Scientific classification
- Kingdom: Animalia
- Phylum: Arthropoda
- Clade: Pancrustacea
- Class: Insecta
- Order: Coleoptera
- Suborder: Polyphaga
- Infraorder: Scarabaeiformia
- Family: Scarabaeidae
- Genus: Parataenius
- Species: P. simulator
- Binomial name: Parataenius simulator (Harold, 1868)
- Synonyms: Ataenius lusitanicus Paulian, 1979 ; Parataenius granuliceps Petrovitz, 1971 ; Psammodius schwarzi Linell, 1896 ;

= Parataenius simulator =

- Genus: Parataenius
- Species: simulator
- Authority: (Harold, 1868)

Species of beetle

Parataenius simulator is a species of aphodiine dung beetle in the family Scarabaeidae. It is found in Africa, Australia, the Caribbean, Europe, Northern Asia (excluding China), Central America, North America, and South America.

== Description ==
Adults reach a length of about 3.8–5.9 mm. The body is robust, elongate and glabrous dorsally. The head has strong transverse wrinkles and there are punctures on the frons.
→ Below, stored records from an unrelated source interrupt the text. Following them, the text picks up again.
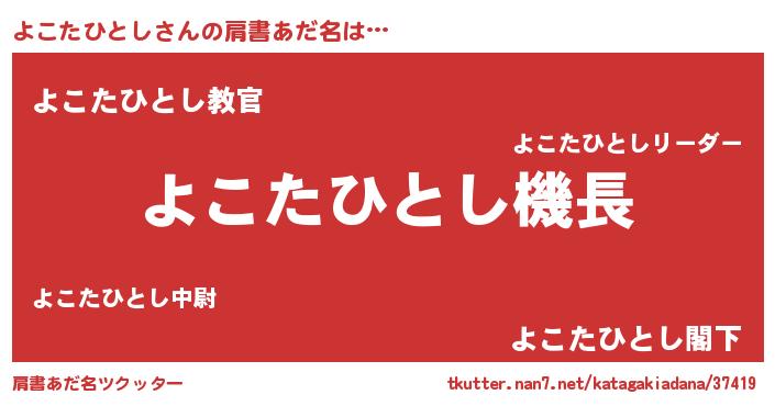 | 男性向けラノベタイトル風あだ名 | 『うちのよこたひとしが世界を掌握している!』 |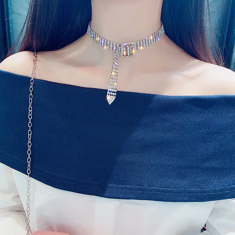 New FYUAN Fashion Full Rhinestone Choker Necklaces for Women Bijoux Shiny Silver Color Button Necklaces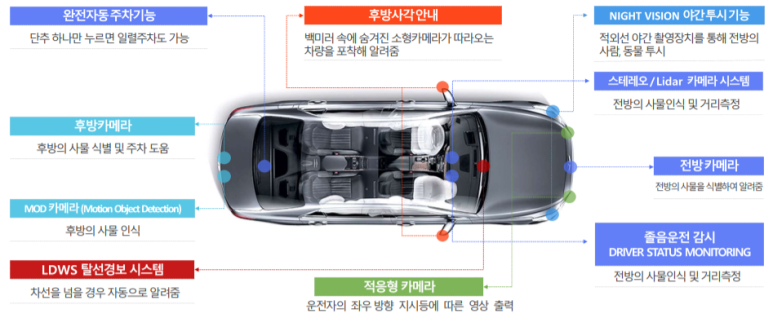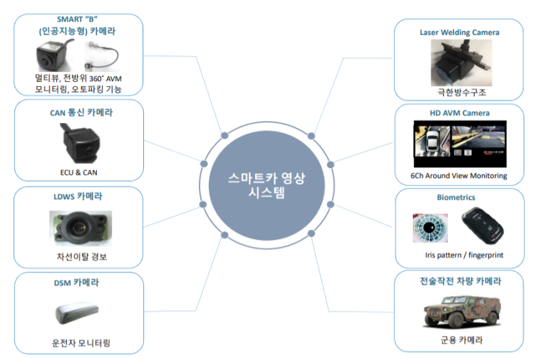 전장 카메라는 800여종의 카메라 모듈을 개발해 왔으며 현대·기아차의 모든 프리미엄 차량에 적용할 수 있을 정도로 수준이 높습니다.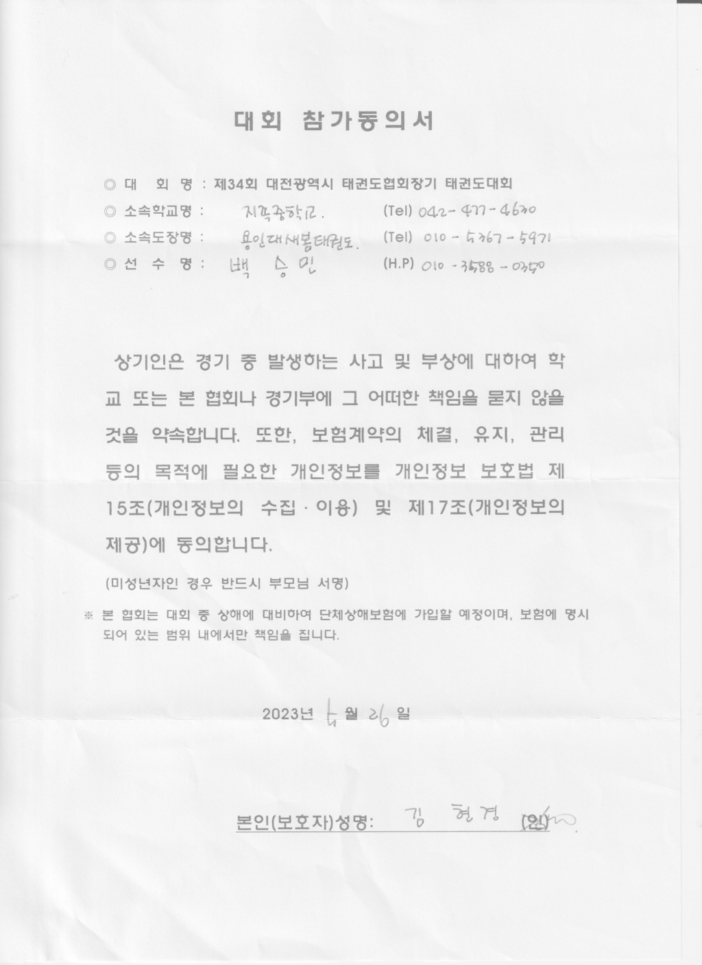 | 598 | 호암태권도장 학부모 동의서 l c | 호암태권도장 | 4 | 2023년 6월 7일 |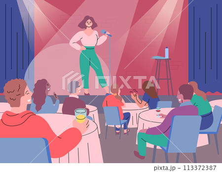 Cartoon Color Characters People and Comedian at Open Mic Concept Flat Design Style. Vector illustration of Standup Comedy Show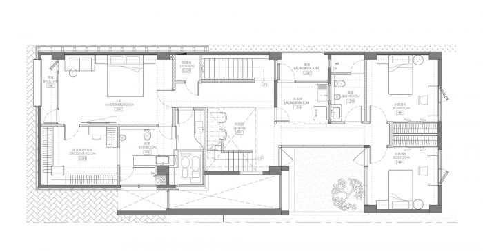 楼梯之间的空隙有一个设计目的,允许院子的自然美景连接主卧室和两个儿童房。该空隙也向三楼的顶楼开放,为祖先的神龛提供了一个角落空间,或为未来的使用提供了一个缓冲空间。天井邀请自然光涌入二楼,照亮了这个区域。在最终确定内部布局后,我将注意力从建筑内部转移到建筑外部。为了创造一种清晰的预期感,我设计了前院,将建筑主体缩回,并撤去一条相对隐蔽的走廊,暗示门后的美丽世界。业主对灰色和金属元素的偏爱成为我的灵感来源,从而在房子的外墙上形成了整齐的现代主义线条和个性化的想象形状。除了硬朗的外墙,还加入了一条柔和的曲线,巧妙地传达了三合院的斜屋顶形象。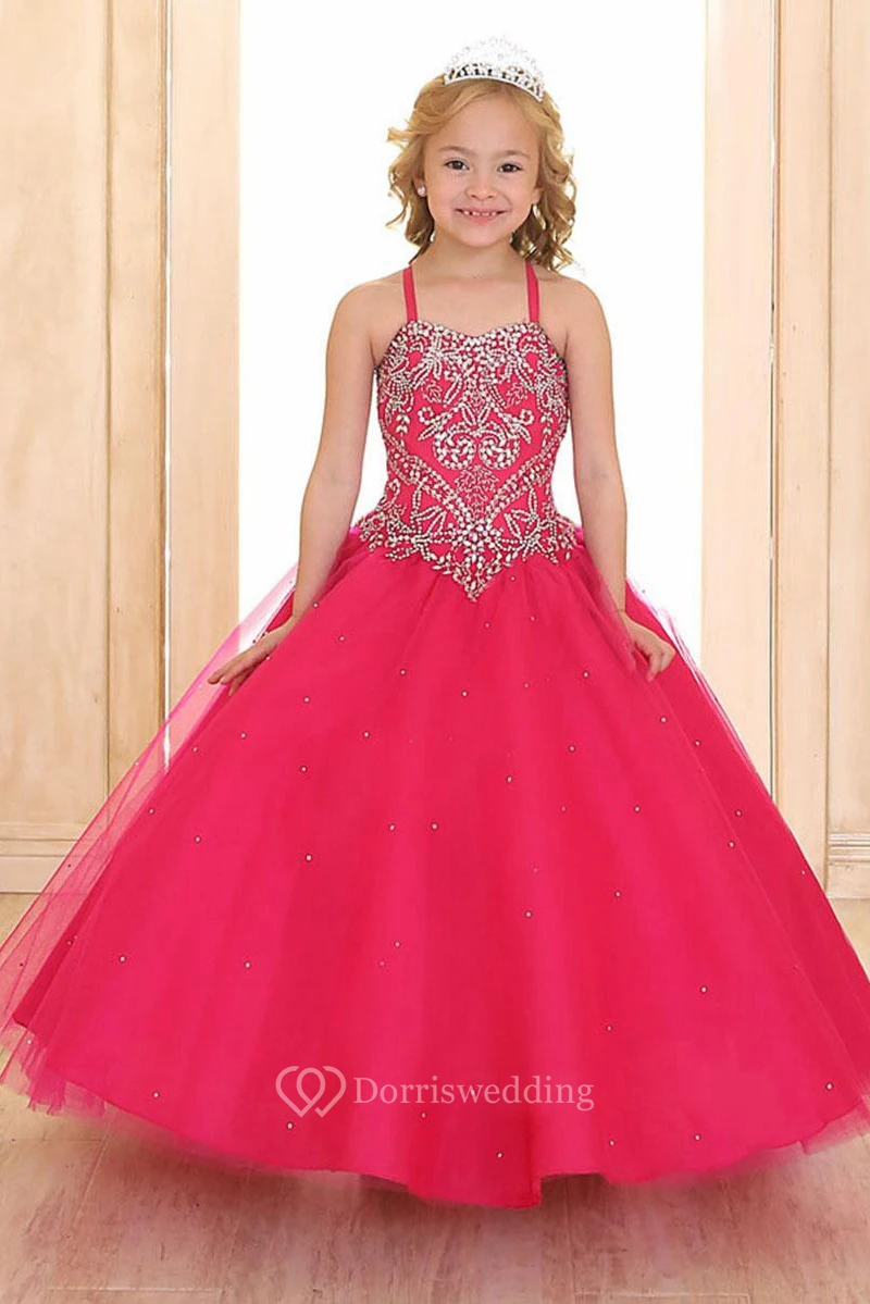 Tiered Beaded Tulle&Lace Flower Girl Dress With Corset Back

The clypeus is emarginate and impunctate. The pronotum has punctures of two sizes. The larger punctures are scarce and restricted to the posterior and lateral margins. The lateral margins are fringed with setae. The elytra have punctate interstriae, with the punctures fine and widely spaced. The abdominal ventrites have large punctures to the sides.

==Life history==
The larvae have been collected in bovine faecal masses.